• [EXERCISE DETAILS]: Each entry that follows should be given again word for word; please leave out its pictures.
|---|
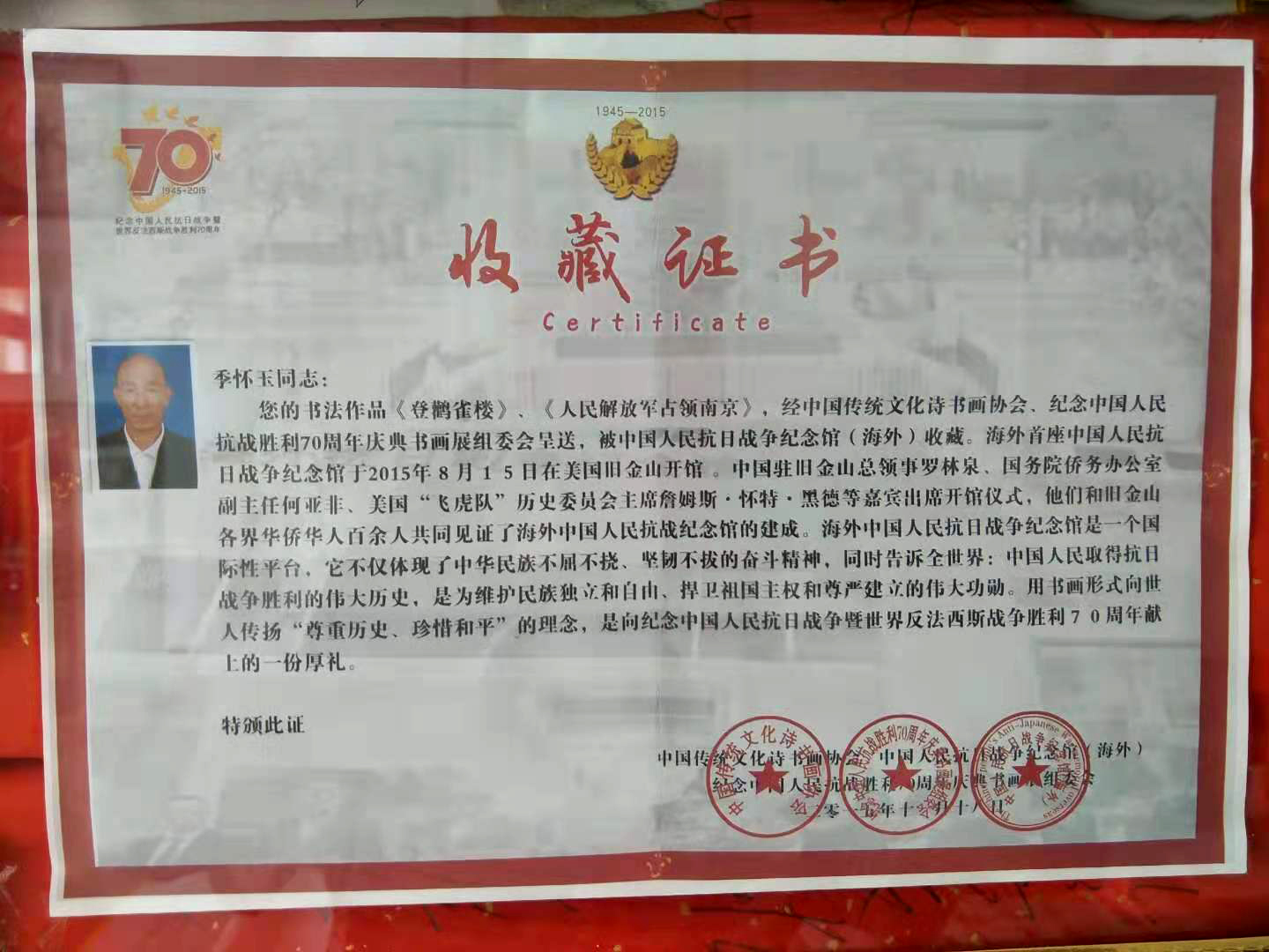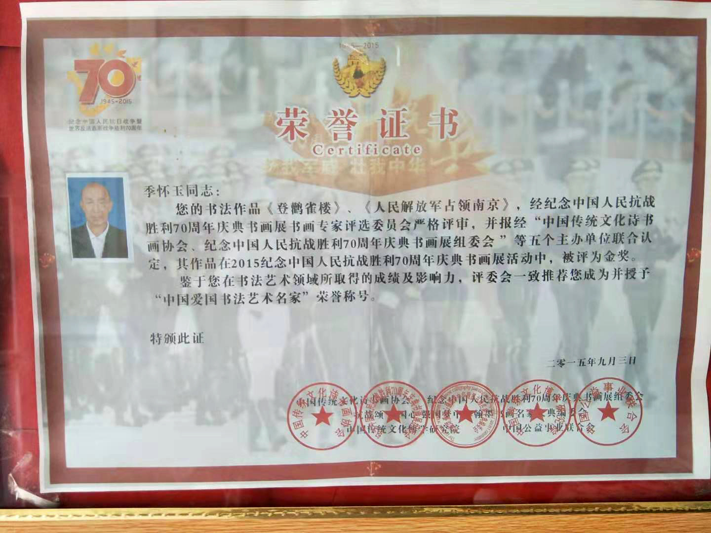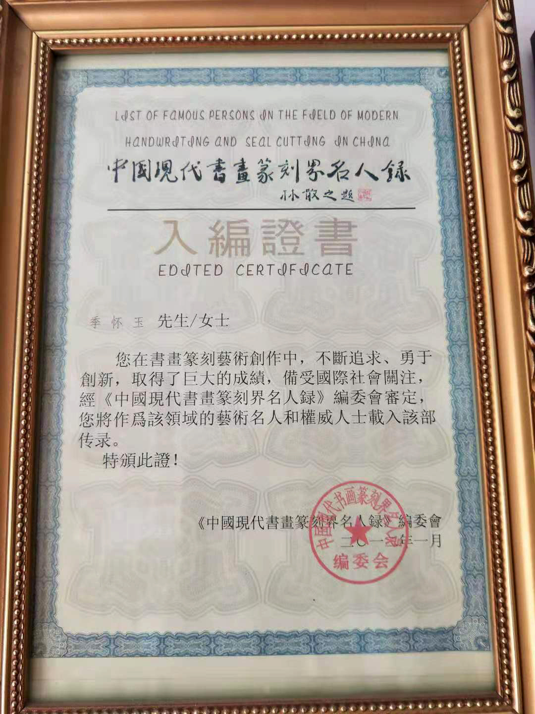 季怀玉,男,河北,国家一级美术师,中国国礼特供艺术家,中国毛体书法家协会会员,亚太地区特殊贡献人物,祖国特殊贡献人物,中央电视台华人会客厅特邀专访人物,入编中国现代书画篆刻界名人录,作品曾被奥运会征集出版,全国书画大展赛中荣获金奖多次,2014北京ABEC峰会最具影响力的书法名家,作品在全国政协礼堂展出,尔后在香港,首尔,新加坡,印尼,澳大利亚巡展,被中华艺术博物馆永久收藏,载入史册,并颁发收藏证书,特邀国际国内邮票出版三次等。
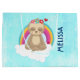 A cute cartoon illustration of a meditating sloth. Wearing a crown of wildflowers on her head, floating peacefully on a white cloud with a colourful rainbow behind. A couple of hearts nearby. Peaceful and happy. The background is a light blue grunge style image.
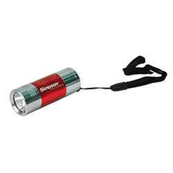 It's a flashlight... but when you pull it out it can serve as a mini lantern! This cleverly designed item allows for light out the front and light from the sides of the 1 bulb flashlight head. Red with Simpson Door Logo Laser Engraved
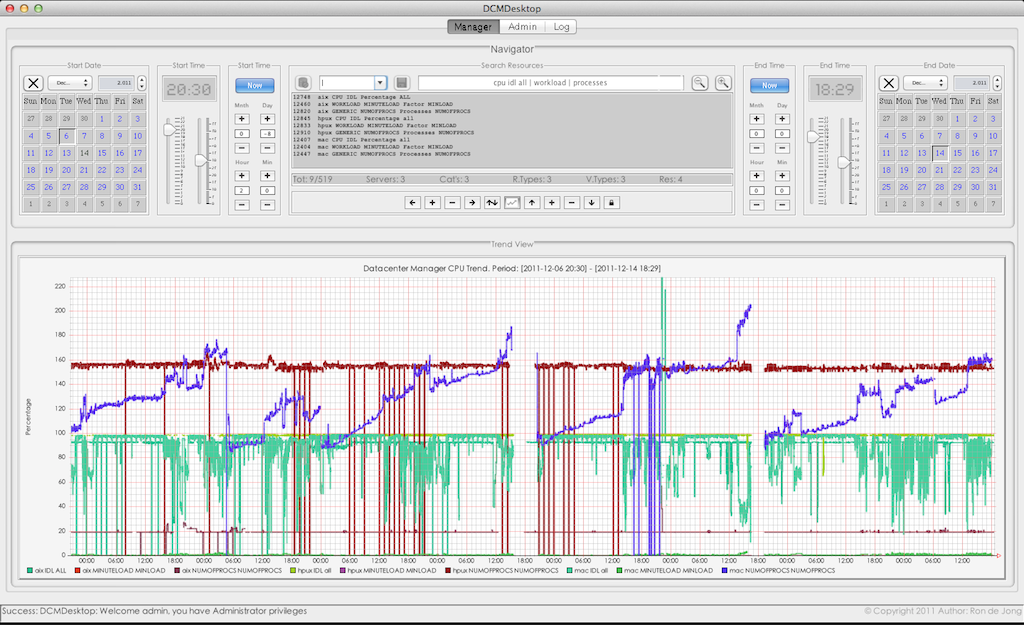 The DCM Navigator is a highly powerful search instrument, allowing you to select an absolute or relative period in time and any number of server-resources searching: “cpu” or “server1 diskio” or “solaris storage” and the next moment, you have your exact trend analysis or performance stats. Searching for CPUIDLE (in general) gives you a single line-graph with e.g. hundreds of servers showing you instant datacenter CPU performance over any required period and value scale.
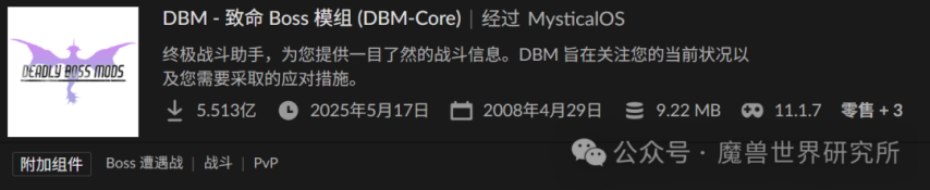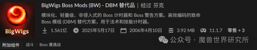 详细信息是玩家最熟悉的伤害统计信息。 Hazzikostas前面提到,最受欢迎的插件是损坏统计插件,这很可能是细节。他说,诸如中断,康复和损害之类的功能将嵌入游戏中的伤害统计学家中。小龙(即WA)-22140万下载:一些受影响的小龙本身并未受到影响的大多数功能(除了某些模板,下拉菜单和选项页面除外),但是将会受到大量其子plugins的影响,这将在下面详细解释。 Bigwigs Boss Mods -1.549亿下载:完全无法使用
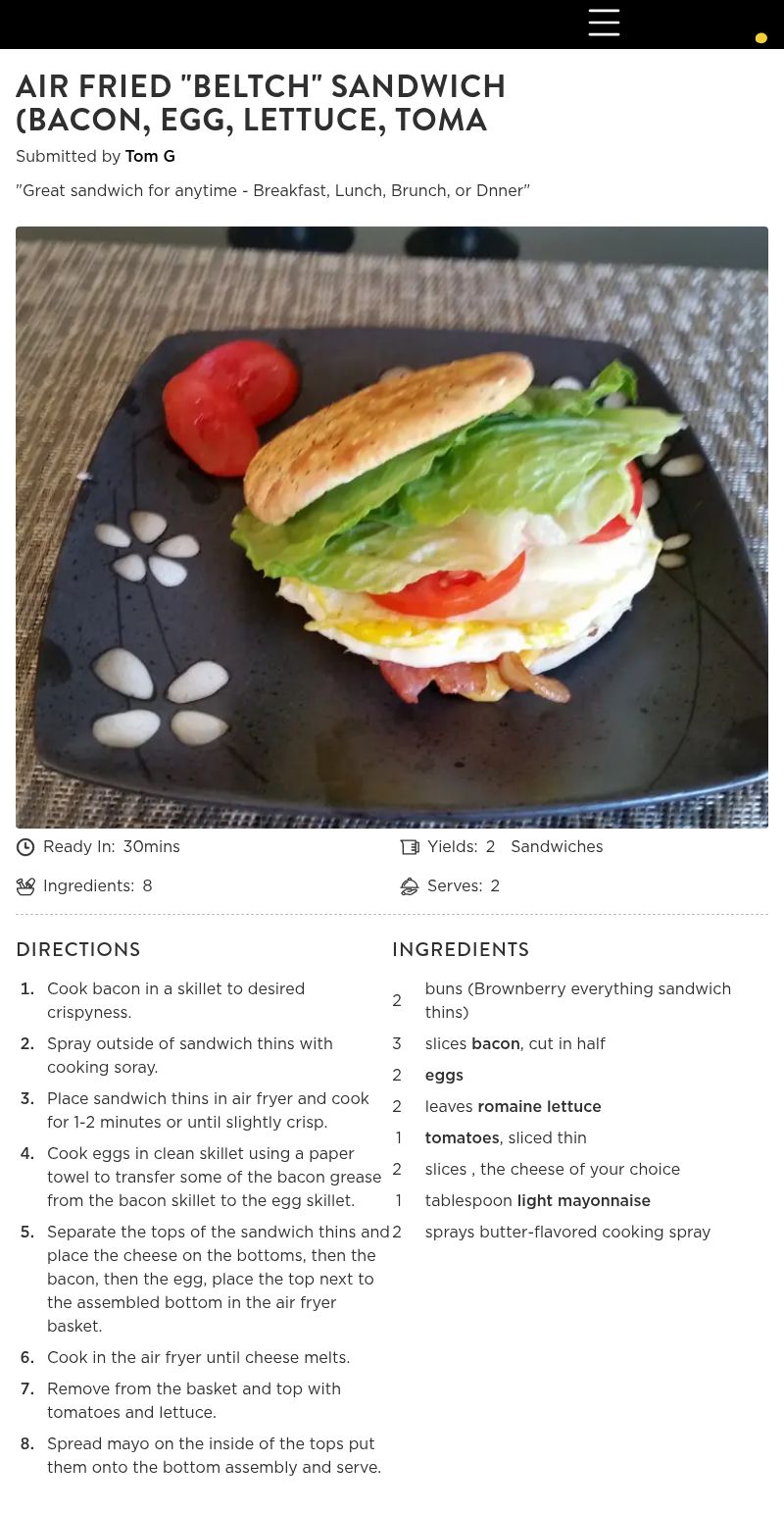 Air Fried "BELTCH" Sandwich (Bacon, Egg, Lettuce, Toma
|---|
• [SOLVED EXERCISE]:
 季怀玉,男,河北,国家一级美术师,中国国礼特供艺术家,中国毛体书法家协会会员,亚太地区特殊贡献人物,祖国特殊贡献人物,中央电视台华人会客厅特邀专访人物,入编中国现代书画篆刻界名人录,作品曾被奥运会征集出版,全国书画大展赛中荣获金奖多次,2014北京ABEC峰会最具影响力的书法名家,作品在全国政协礼堂展出,尔后在香港,首尔,新加坡,印尼,澳大利亚巡展,被中华艺术博物馆永久收藏,载入史册,并颁发收藏证书,特邀国际国内邮票出版三次等。
 A cute cartoon illustration of a meditating sloth. Wearing a crown of wildflowers on her head, floating peacefully on a white cloud with a colourful rainbow behind. A couple of hearts nearby. Peaceful and happy. The background is a light blue grunge style image.
 It's a flashlight... but when you pull it out it can serve as a mini lantern! This cleverly designed item allows for light out the front and light from the sides of the 1 bulb flashlight head. Red with Simpson Door Logo Laser Engraved
 The DCM Navigator is a highly powerful search instrument, allowing you to select an absolute or relative period in time and any number of server-resources searching: “cpu” or “server1 diskio” or “solaris storage” and the next moment, you have your exact trend analysis or performance stats. Searching for CPUIDLE (in general) gives you a single line-graph with e.g. hundreds of servers showing you instant datacenter CPU performance over any required period and value scale.
 详细信息是玩家最熟悉的伤害统计信息。 Hazzikostas前面提到,最受欢迎的插件是损坏统计插件,这很可能是细节。他说,诸如中断,康复和损害之类的功能将嵌入游戏中的伤害统计学家中。小龙(即WA)-22140万下载:一些受影响的小龙本身并未受到影响的大多数功能(除了某些模板,下拉菜单和选项页面除外),但是将会受到大量其子plugins的影响,这将在下面详细解释。 Bigwigs Boss Mods -1.549亿下载:完全无法使用
 Air Fried "BELTCH" Sandwich (Bacon, Egg, Lettuce, Toma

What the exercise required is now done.